• **TASK GOAL**
Your output should be the exact lines from the start of the data through the line containing "(Даю 50 баллов!!!)", with no pictures.

• **DATA LISTING**
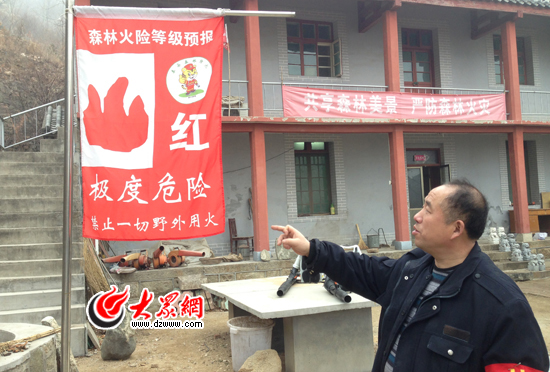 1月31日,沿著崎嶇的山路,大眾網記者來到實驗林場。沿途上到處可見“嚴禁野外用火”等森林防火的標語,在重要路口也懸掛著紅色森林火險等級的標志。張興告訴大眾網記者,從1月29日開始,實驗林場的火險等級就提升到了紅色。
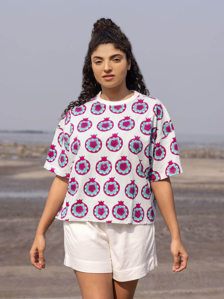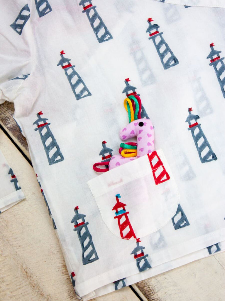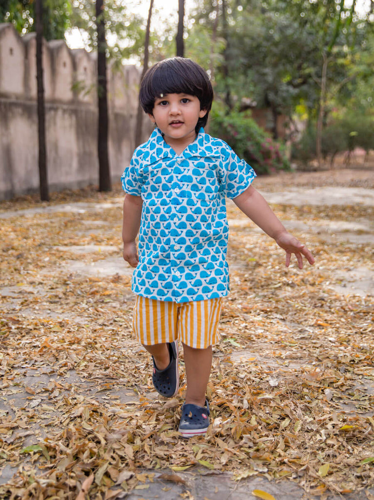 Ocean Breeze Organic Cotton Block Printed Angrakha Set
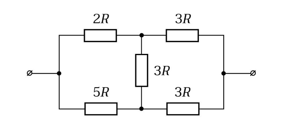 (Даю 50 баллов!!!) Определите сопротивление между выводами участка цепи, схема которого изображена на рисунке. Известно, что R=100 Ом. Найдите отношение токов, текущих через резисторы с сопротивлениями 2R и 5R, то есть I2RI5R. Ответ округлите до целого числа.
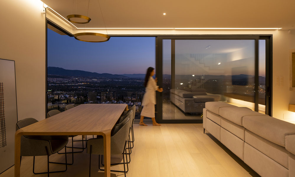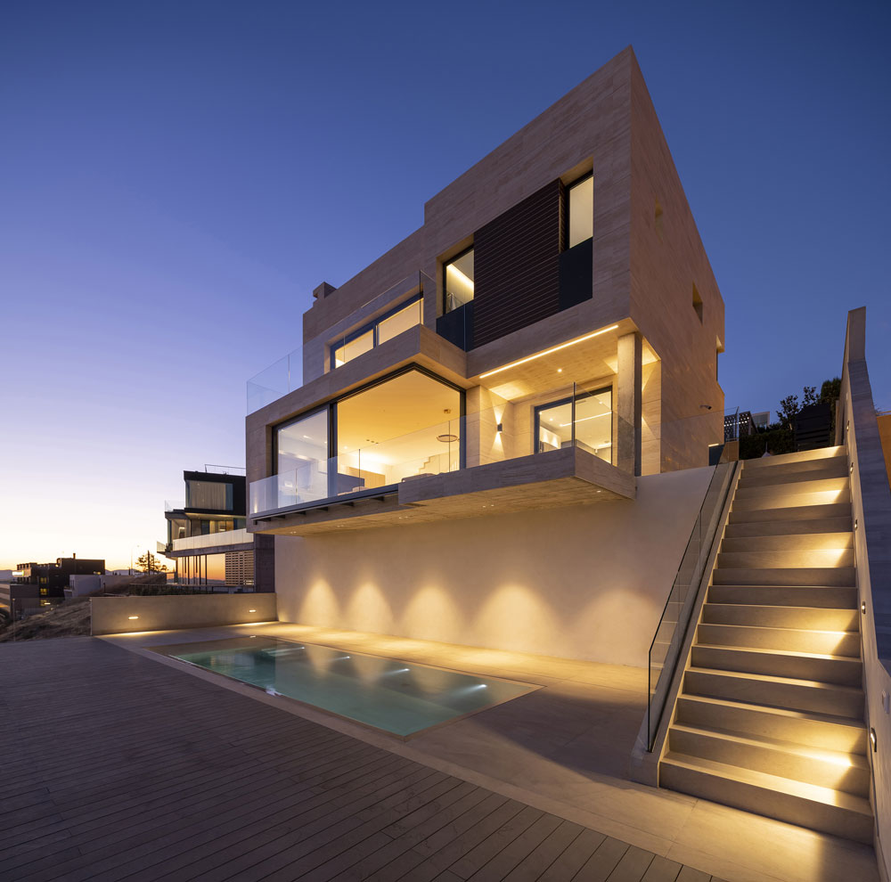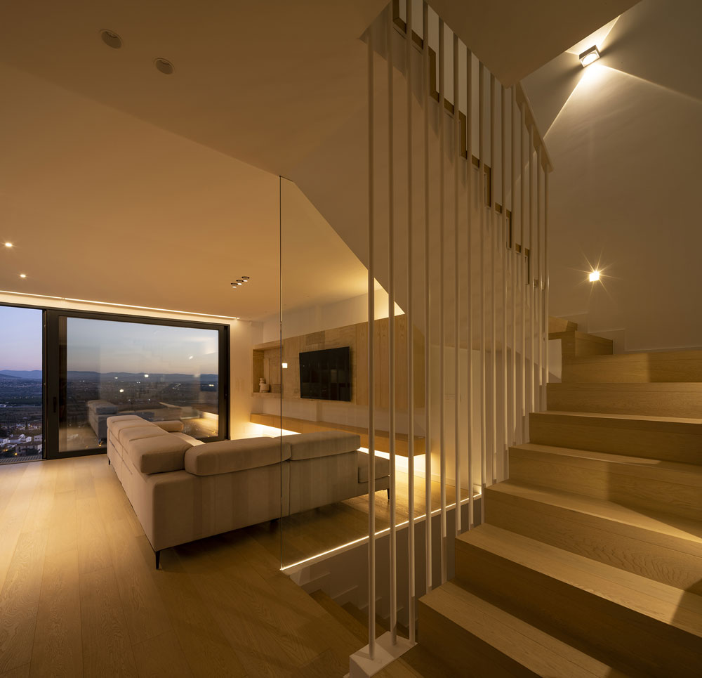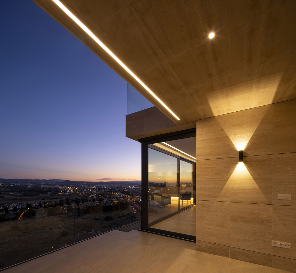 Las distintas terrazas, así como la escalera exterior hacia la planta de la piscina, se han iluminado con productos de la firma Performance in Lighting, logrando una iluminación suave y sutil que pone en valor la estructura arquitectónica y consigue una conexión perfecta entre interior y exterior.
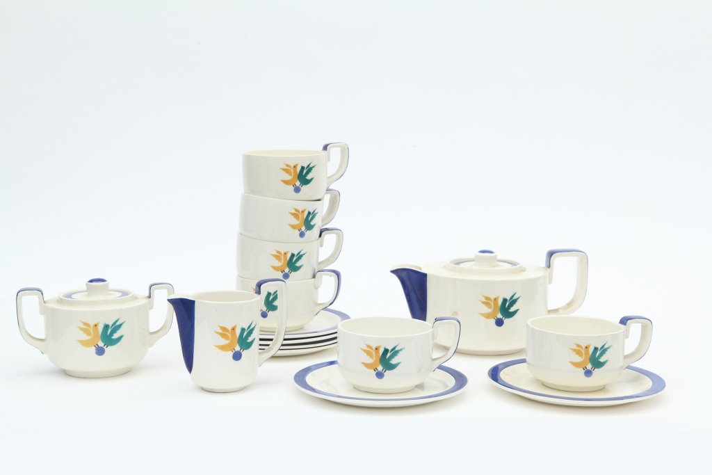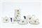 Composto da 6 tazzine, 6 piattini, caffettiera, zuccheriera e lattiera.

• **RESPONSE BELOW**
 1月31日,沿著崎嶇的山路,大眾網記者來到實驗林場。沿途上到處可見“嚴禁野外用火”等森林防火的標語,在重要路口也懸掛著紅色森林火險等級的標志。張興告訴大眾網記者,從1月29日開始,實驗林場的火險等級就提升到了紅色。
 Ocean Breeze Organic Cotton Block Printed Angrakha Set
 (Даю 50 баллов!!!) Определите сопротивление между выводами участка цепи, схема которого изображена на рисунке. Известно, что R=100 Ом. Найдите отношение токов, текущих через резисторы с сопротивлениями 2R и 5R, то есть I2RI5R. Ответ округлите до целого числа.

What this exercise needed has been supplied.